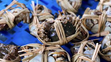 但最近两年,螃蟹上市后,每晚6点、8点,洪泽当地的快递网点就会出现堆积成山的包裹,大卡车一刻不停地往外发货。到了那时,连捆蟹工人都会变得十分抢手,人工费也水涨船高,达到一只蟹一块钱的水平。“去年,我们市场上有一对老夫妻,一天靠捆蟹就赚了接近3万元。”安中达说。
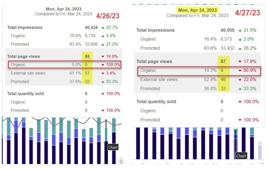This was functionality was particularly helpful for allowing sellers to catch anomalies and technical issues - like that time when eBay stopped showing organic views for several days.
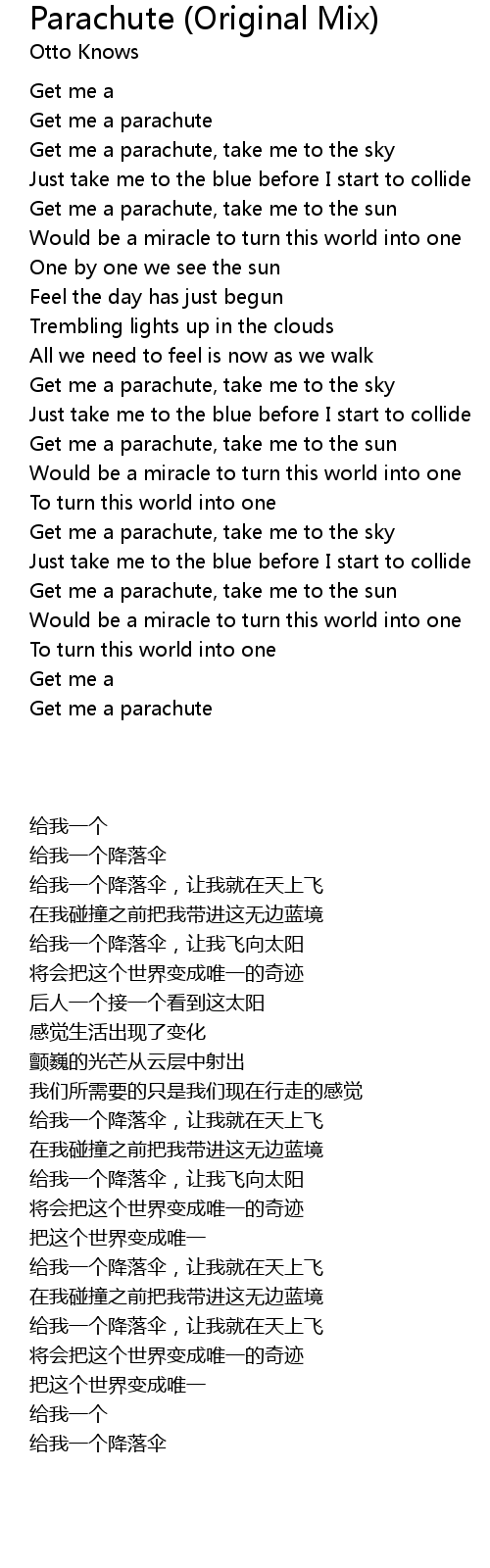 Get me a parachute, take me to the sky |
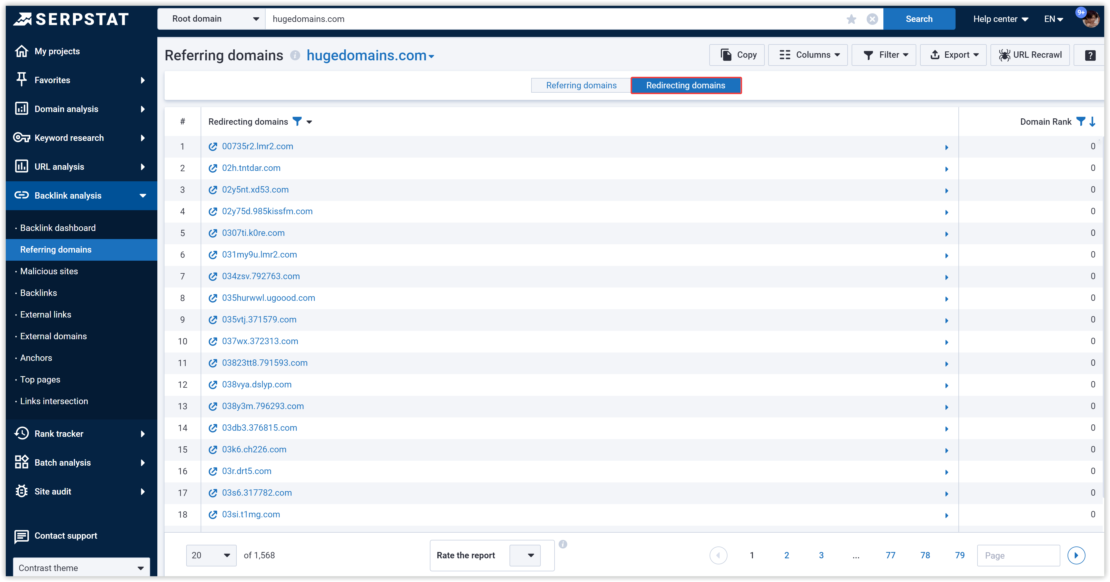 Serpstat's solution is pretty good so far in terms of convenience (it has an API function for analyzing backlinks and a URL rescan tool). When you work with massive data, it saves a lot of time.

= What is needed =
Reproduce all the data as it stands. The pictures are not part of the copy.

= Response area =
 但最近两年,螃蟹上市后,每晚6点、8点,洪泽当地的快递网点就会出现堆积成山的包裹,大卡车一刻不停地往外发货。到了那时,连捆蟹工人都会变得十分抢手,人工费也水涨船高,达到一只蟹一块钱的水平。“去年,我们市场上有一对老夫妻,一天靠捆蟹就赚了接近3万元。”安中达说。
This was functionality was particularly helpful for allowing sellers to catch anomalies and technical issues - like that time when eBay stopped showing organic views for several days.
 Get me a parachute, take me to the sky |
 Serpstat's solution is pretty good so far in terms of convenience (it has an API function for analyzing backlinks and a URL rescan tool). When you work with massive data, it saves a lot of time.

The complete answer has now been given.